#### [Assignment]
Copy every entry below verbatim, except for images.

(Data entries)
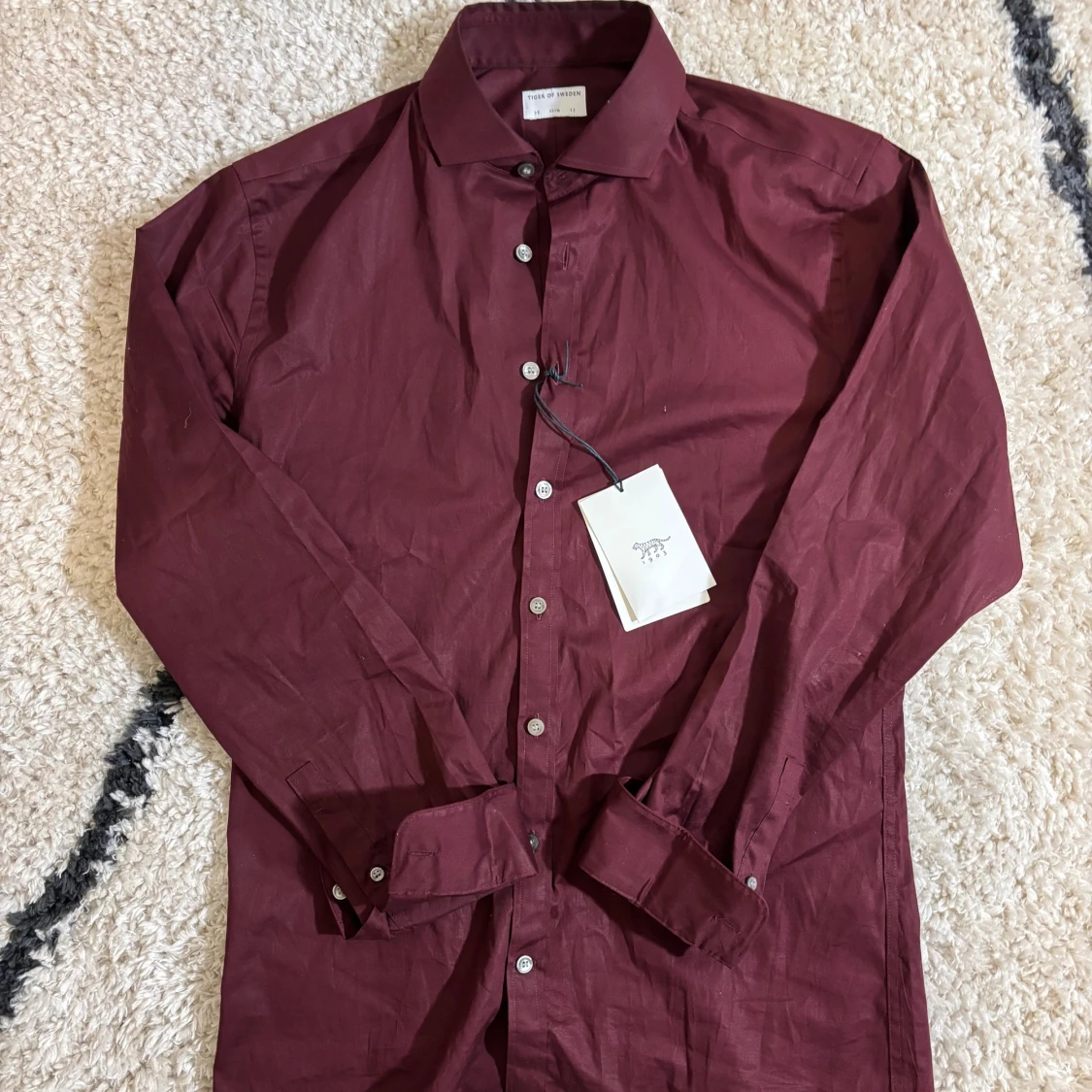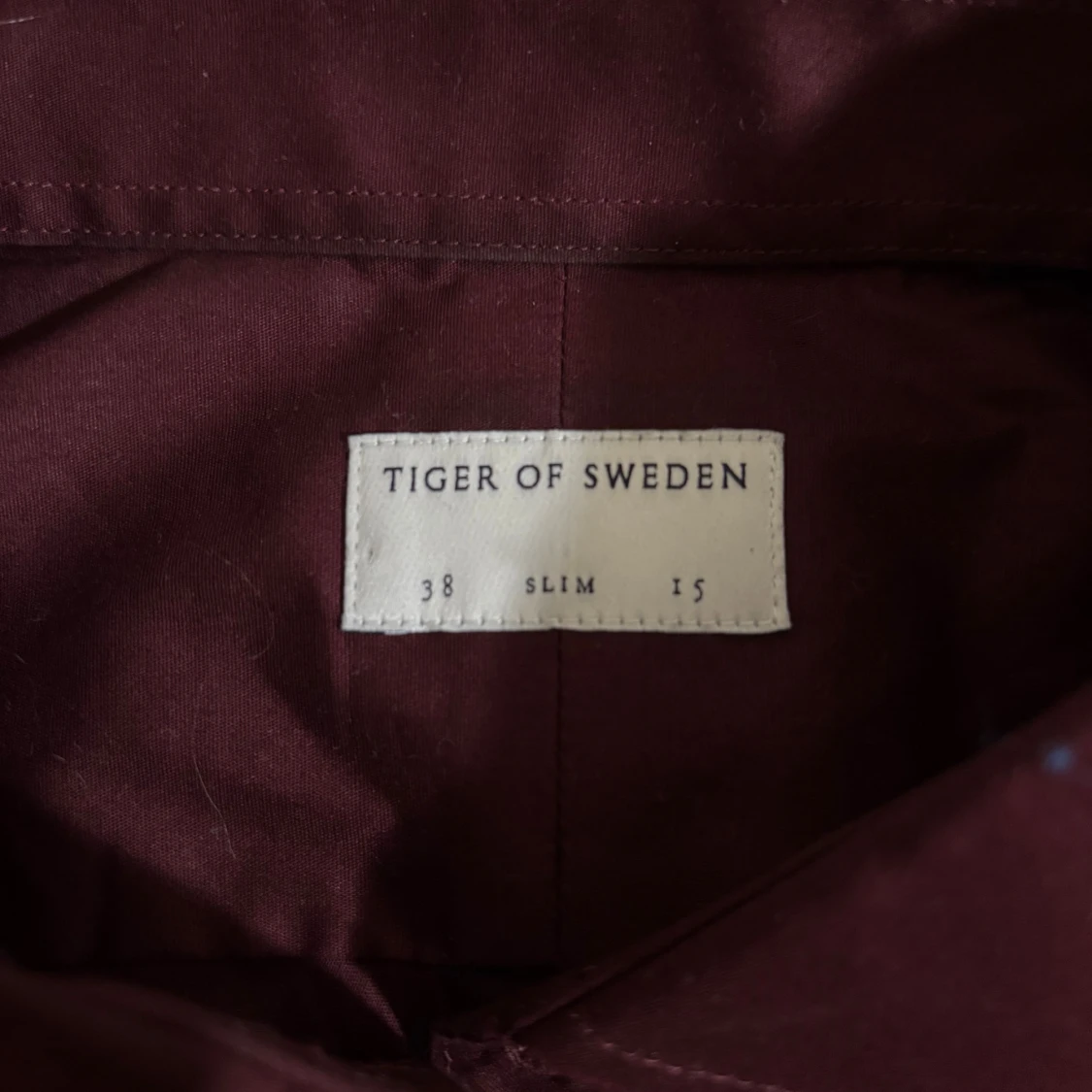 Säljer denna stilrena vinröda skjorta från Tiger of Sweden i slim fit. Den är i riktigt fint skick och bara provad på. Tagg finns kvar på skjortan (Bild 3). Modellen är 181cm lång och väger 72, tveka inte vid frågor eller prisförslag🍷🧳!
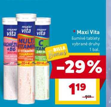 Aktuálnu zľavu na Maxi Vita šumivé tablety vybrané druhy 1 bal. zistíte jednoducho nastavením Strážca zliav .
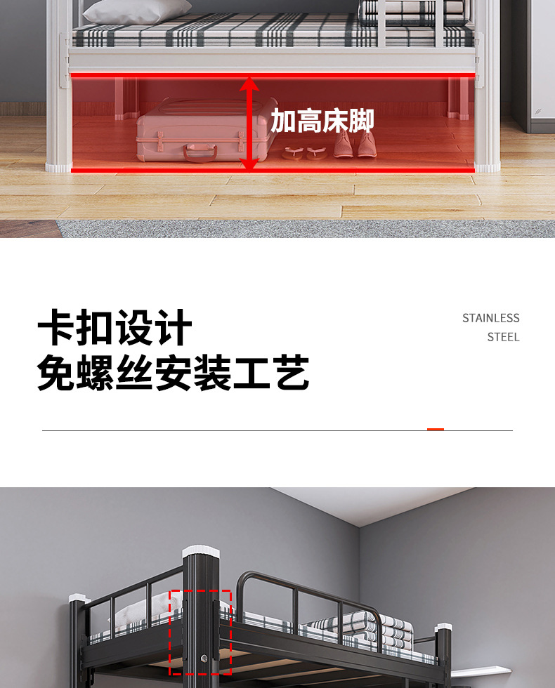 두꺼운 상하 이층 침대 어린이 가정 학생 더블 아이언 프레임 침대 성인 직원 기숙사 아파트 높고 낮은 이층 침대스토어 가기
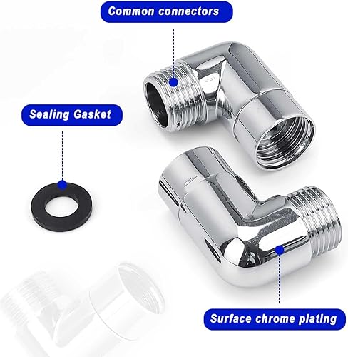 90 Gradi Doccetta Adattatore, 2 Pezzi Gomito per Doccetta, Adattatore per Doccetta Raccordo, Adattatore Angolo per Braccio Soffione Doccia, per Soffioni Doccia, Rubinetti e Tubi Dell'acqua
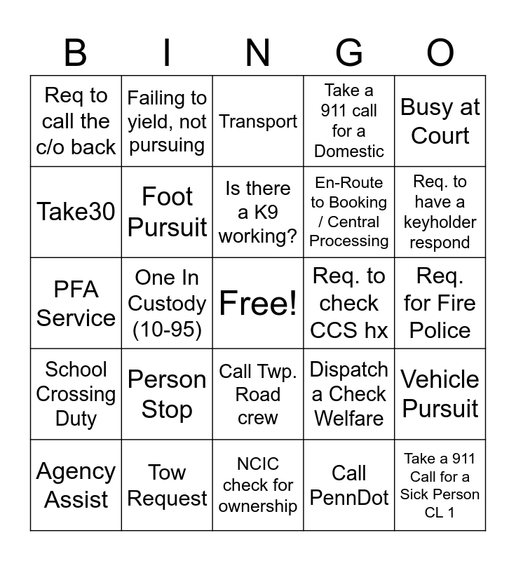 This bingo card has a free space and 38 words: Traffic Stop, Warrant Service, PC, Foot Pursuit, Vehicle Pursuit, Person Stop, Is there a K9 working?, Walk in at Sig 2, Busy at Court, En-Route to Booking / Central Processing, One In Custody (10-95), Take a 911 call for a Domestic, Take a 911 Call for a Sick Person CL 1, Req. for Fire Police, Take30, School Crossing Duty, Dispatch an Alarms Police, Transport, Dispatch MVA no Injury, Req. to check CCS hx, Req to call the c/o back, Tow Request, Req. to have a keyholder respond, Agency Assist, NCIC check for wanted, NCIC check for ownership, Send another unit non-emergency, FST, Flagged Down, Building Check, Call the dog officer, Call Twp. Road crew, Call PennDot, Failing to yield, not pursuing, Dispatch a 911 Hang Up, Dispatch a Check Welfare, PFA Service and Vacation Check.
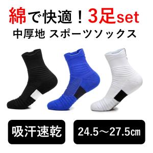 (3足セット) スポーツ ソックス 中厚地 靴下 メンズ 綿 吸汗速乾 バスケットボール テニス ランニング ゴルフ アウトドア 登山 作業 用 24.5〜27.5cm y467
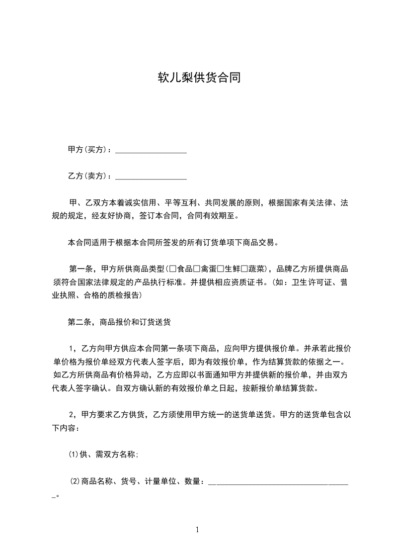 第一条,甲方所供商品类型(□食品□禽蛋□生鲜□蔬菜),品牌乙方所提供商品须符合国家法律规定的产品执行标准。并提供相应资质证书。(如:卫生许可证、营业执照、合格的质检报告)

#### [Answer space]
 Säljer denna stilrena vinröda skjorta från Tiger of Sweden i slim fit. Den är i riktigt fint skick och bara provad på. Tagg finns kvar på skjortan (Bild 3). Modellen är 181cm lång och väger 72, tveka inte vid frågor eller prisförslag🍷🧳!
 Aktuálnu zľavu na Maxi Vita šumivé tablety vybrané druhy 1 bal. zistíte jednoducho nastavením Strážca zliav .
 두꺼운 상하 이층 침대 어린이 가정 학생 더블 아이언 프레임 침대 성인 직원 기숙사 아파트 높고 낮은 이층 침대스토어 가기
 90 Gradi Doccetta Adattatore, 2 Pezzi Gomito per Doccetta, Adattatore per Doccetta Raccordo, Adattatore Angolo per Braccio Soffione Doccia, per Soffioni Doccia, Rubinetti e Tubi Dell'acqua
 This bingo card has a free space and 38 words: Traffic Stop, Warrant Service, PC, Foot Pursuit, Vehicle Pursuit, Person Stop, Is there a K9 working?, Walk in at Sig 2, Busy at Court, En-Route to Booking / Central Processing, One In Custody (10-95), Take a 911 call for a Domestic, Take a 911 Call for a Sick Person CL 1, Req. for Fire Police, Take30, School Crossing Duty, Dispatch an Alarms Police, Transport, Dispatch MVA no Injury, Req. to check CCS hx, Req to call the c/o back, Tow Request, Req. to have a keyholder respond, Agency Assist, NCIC check for wanted, NCIC check for ownership, Send another unit non-emergency, FST, Flagged Down, Building Check, Call the dog officer, Call Twp. Road crew, Call PennDot, Failing to yield, not pursuing, Dispatch a 911 Hang Up, Dispatch a Check Welfare, PFA Service and Vacation Check.
 (3足セット) スポーツ ソックス 中厚地 靴下 メンズ 綿 吸汗速乾 バスケットボール テニス ランニング ゴルフ アウトドア 登山 作業 用 24.5〜27.5cm y467
 第一条,甲方所供商品类型(□食品□禽蛋□生鲜□蔬菜),品牌乙方所提供商品须符合国家法律规定的产品执行标准。并提供相应资质证书。(如:卫生许可证、营业执照、合格的质检报告)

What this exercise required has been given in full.